◆ Assignment ◆
Please output the lines from the one with "此外,谭悦彤教师团队的课程《" through the end of the data exactly as written, omitting all pictures.

◆ Recorded information ◆

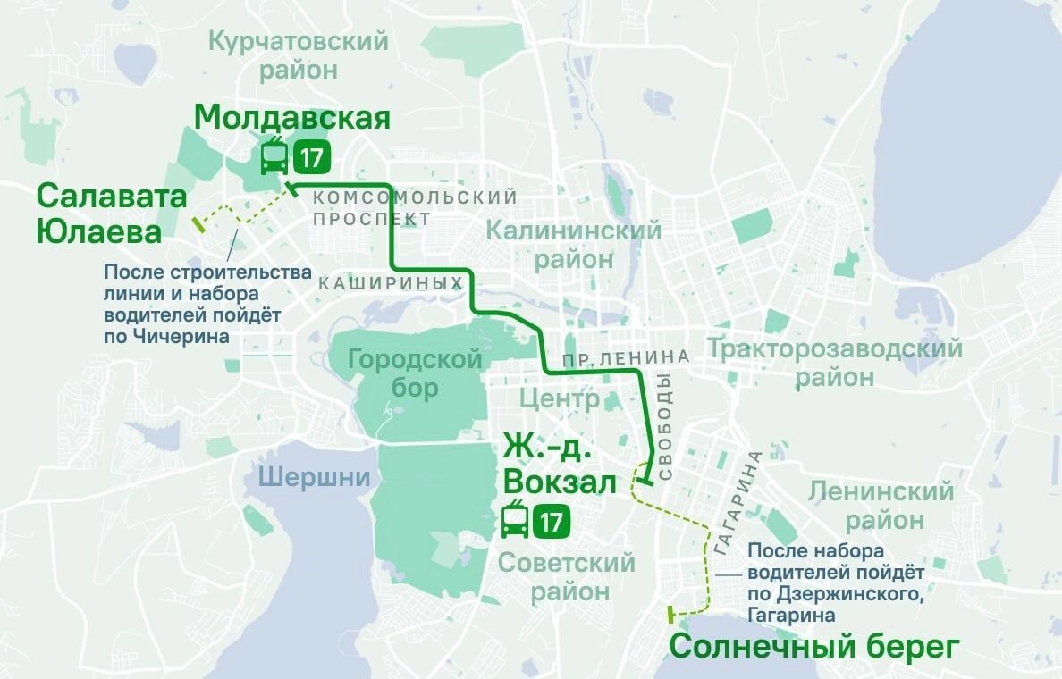 Как рассказали в ОГКУ «Организатор перевозок Челябинской области», троллейбусный маршрут планируют продлить от улицы Молдавской до Салавата Юлаева и от железнодорожного вокзала через путепровод Челябинск-Главный и Гагарина до Солнечного берега.
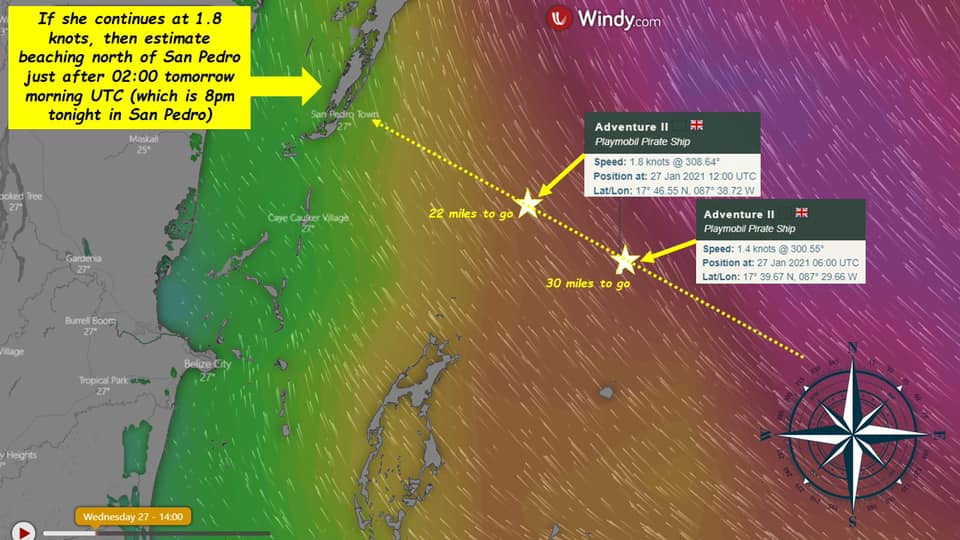 A record-breaking journey involving a toy pirate ship is about to include Belize in its itinerary. Initiated by 11-year-old Ollie and 8-year-old Harry Ferguson from Scotland, the little pirate ship dubbed ‘Adventure 2’ or A2 is currently floating about 12 nautical miles south-east of San Pedro Town, Ambergris Caye. If it stays on this course, it is expected to land somewhere north of the island after 8PM today, January 27th. A2’s journey can be followed on Facebook via https://www.facebook.com/tdajp.
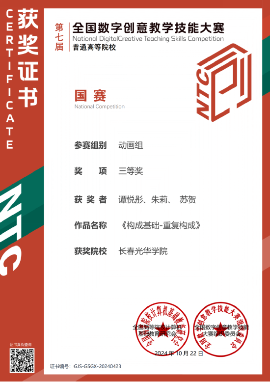此外,谭悦彤教师团队的课程《数字模型制作-动画场景数字模型概述》及《构成基础-重复构成》分别获得了动画组二等奖和三等奖。他们的参赛项目同样在教学理念、课程设计、实践应用等方面展现出了独特的优势和创新点,充分展示了长春光华学院艺术设计学院数字媒体艺术系教师在数字创意教学领域的深厚功底和卓越才华。
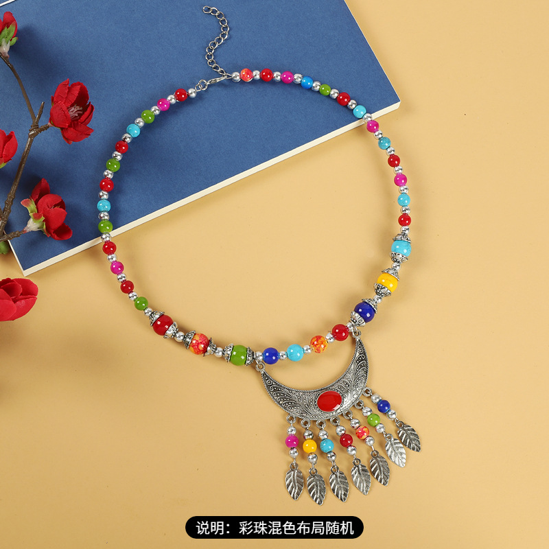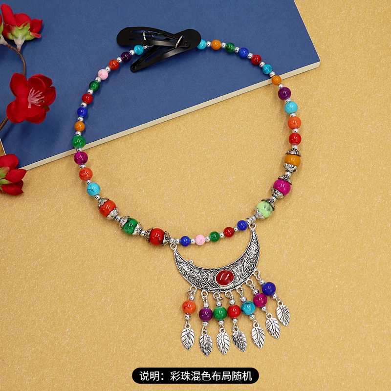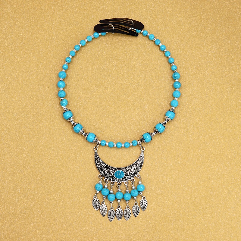 复古民族风月牙叶子流苏额饰异域藏族头饰眉心坠额头链旅拍配饰女

◆ Expected answer ◆
此外,谭悦彤教师团队的课程《数字模型制作-动画场景数字模型概述》及《构成基础-重复构成》分别获得了动画组二等奖和三等奖。他们的参赛项目同样在教学理念、课程设计、实践应用等方面展现出了独特的优势和创新点,充分展示了长春光华学院艺术设计学院数字媒体艺术系教师在数字创意教学领域的深厚功底和卓越才华。
 复古民族风月牙叶子流苏额饰异域藏族头饰眉心坠额头链旅拍配饰女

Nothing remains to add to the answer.